On strokes and Alzheimer’s

I called up my neurologist’s office to find out her appointment schedule. It was 10:30 a.m. and I was told she would be there until noon. "Does she have any more patients?" I asked. No, I was told. I told her secretary I would rush over, hopped into the shower, threw on a coral skirt and T-shirt, dumped five minutes of makeup on my face, donned my newest, smartest earrings that may friend Marl gave on my birthday, and went rushing out. The hospital is just down the street from where I live. It was close to the second anniversary of my stroke, you see, and I wanted to see Dr. Pia Banico, my neurologist, for a checkup.

She had left her desk to go up and check on her patient. She would be back. In the meantime, I sat and stared, waiting for thoughts to fall into my head. What was new with me now?

Well, I look different. A few weeks ago I went to see Rocky, my hairdresser since forever, and he gave me a short, cropped hairstyle that made me look like I recovered from typhoid fever. It was a new look and it would grow back anyway. At any rate it was comfortable. It washed and wore well. Also, I gave up smoking three years ago and put on 30 pounds through breathing. I have lost roughly 28 of those pounds. So I am thin again. Finally, for almost a year I’ve been doing Pilates, an exercise I’ve had to stop to save money for a major impending expense, so I guess my body stands well, looks good, does not look as crooked as I knew it to be after my stroke.

She was approaching her office and I smiled at her. "Oh my God," she said. "You are so thin. You are gorgeous." Gorgeous? Me? She whisked me into her office. She said it again: "You look gorgeous." Thank you, thank you, I said. I had not heard that in a very long time and did not know what to do with it. Nevertheless I was grateful. It meant that I was well now, just as she had predicted: two years’ recovery time. Okay, the recovery is not perfect. Whenever I type up something – a column, an e-mail – there is always a small error I find much later as I reread after it has been sent. When I edit before I send, I don’t see it. There are small things I miss out on still. It only means I am not perfect and I am now finally very comfortable with that. No, I don’t take any of the pills you told me to take. However, I am very well now.

"I am proud of you," she says. "You are writing again and I think you are writing better than you used to." I am? "I am so proud of you," she says with a really charming smile that makes me feel so good about myself. Thank you, Dr. Banico.

"My mother is returning and I’d like to find a doctor for her," I said tentatively. "The doctors in Vancouver say she has dementia. I need someone here to help her but I don’t know what kind of doctor."

"Bring her to me," she said confidently. Of course, she is a neurologist, a brain doctor. Dementia is triggered by the destruction of nerve cells in the brain. That is a sentence I remember reading in my Medical Question and Answer Book that my mother gave me. I am so tremendously relieved by her offer.

"Do you think she might have Alzheimer’s?" she asks.

"I don’t know. That’s a possibility but the doctors in Vancouver say she has dementia. I know that somehow that can connect to Alzheimer’s disease but I don’t know how."
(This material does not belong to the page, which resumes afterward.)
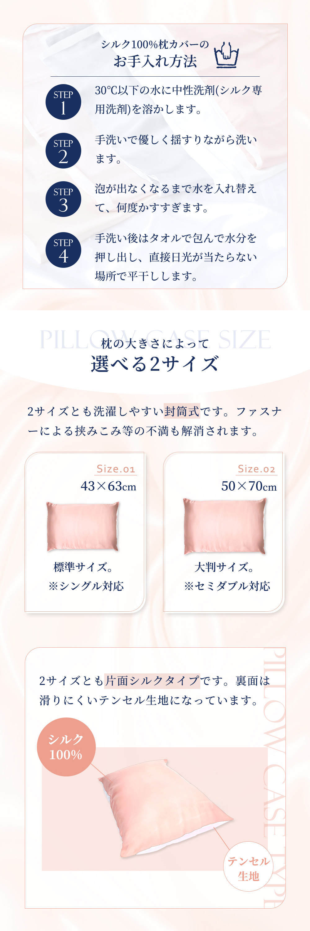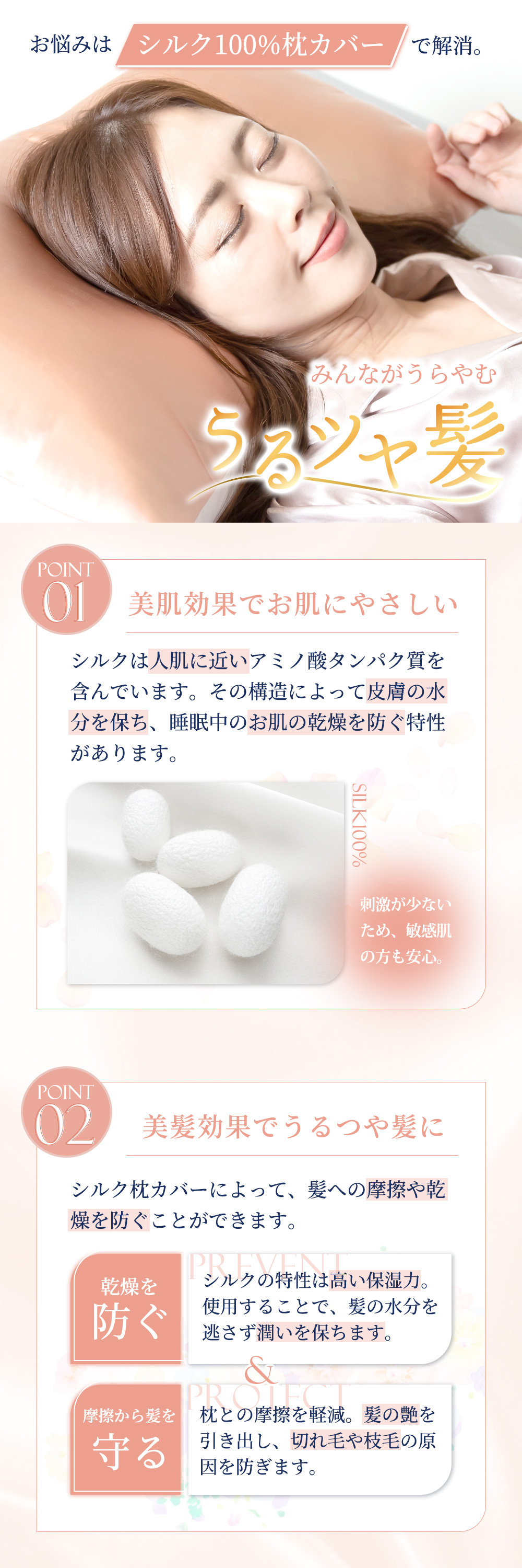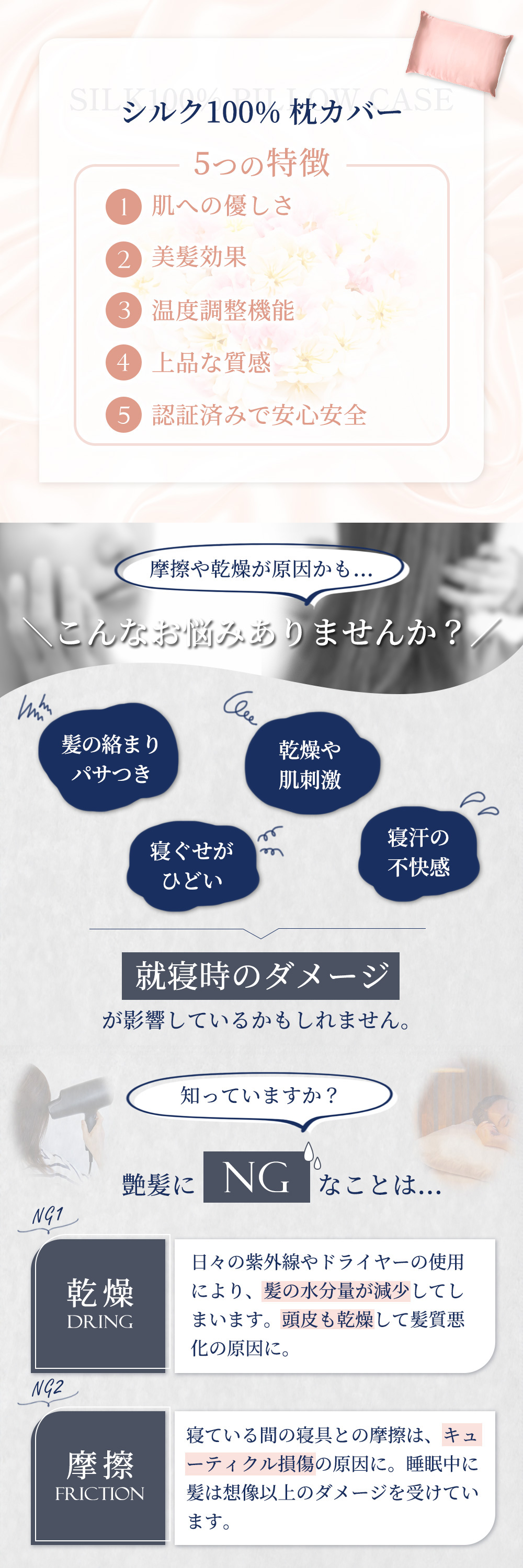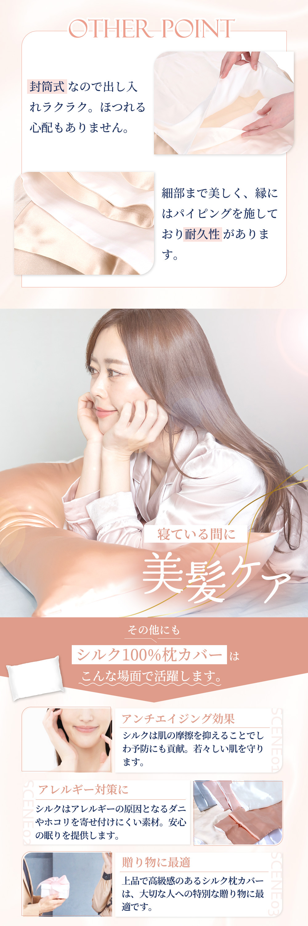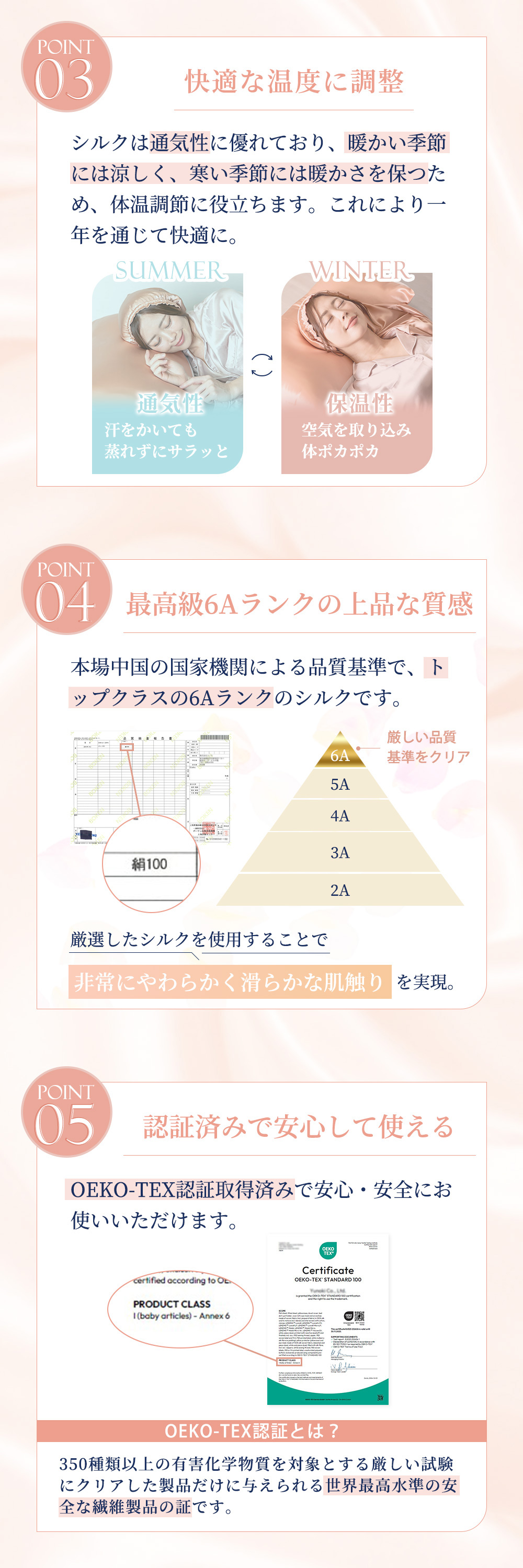 シルク100%枕カバー(utukky)の特長として、(1)美肌効果でお肌にやさしい…シルクは人肌に近いアミノ酸タンパク質を含んでいます。その構造によって皮膚の水分を保ち、睡眠中のお肌の乾燥を防ぐ特性があります。刺激が少ないため、敏感肌の方も安心です。(2)摩擦から髪を守る…枕との摩擦を軽減。髪の艶を引き出し、切れ毛や枝毛の原因を防ぎます。(3)乾燥を防ぐ…シルクの特性は高い保湿力。使用することで、髪の水分を逃さず潤いを保ちます。(4)6Aランクシルクを使用…中国の国家機関による品質基準で、トップクラスの6Aランクのシルクです。(5)快適な温度に調整…シルクは通気性に優れており、暖かい季節には涼しく、寒い季節には暖かさを保つため、体温調節に役立ちます。これにより一年を通じて快適に。(6)優れている耐久性…細部まで美しく、縁にはパイピングを施しており耐久性 があります。(7)OEKO-TEX認証取得済みで安心・安全…350種類以上の有害化学物質を対象とする厳しい試験にクリアした製品だけに与えられる世界最高水準の安全な繊維製品の証を取得しています。

"When I have an Alzheimer patient, I warn the family. It is a disease that afflicts the family. The patient does not know what is happening, just knows the world as he sees it but the family is distressed and devastated. I give the families my rules. First, they cannot stay in the same place. The patient must have her own quarters, her own caregivers. Each family member must spend no more than half-an-hour a day with the patient. Each family member must take a full day off every week. This is to preserve the family’s mental health. Then I help the patient. I hope your mother does not have Alzheimer’s," she says with a smile.

I sincerely hope so, too.

"You can bring her over for testing," she says, "but then you must not stay with her or she will look at you for answers and then what sort of testing will be done? I will take care of her. Don’t worry," Dr. Banico said.

I left her office walking on air. She made me feel so confident about myself and so good about my decision to bring my mother home. I am an only child, no brothers or sisters, who else will take care of my mother but me. . . and now, Dr. Banico! I am so glad I called her to check her appointment schedule that fated morning.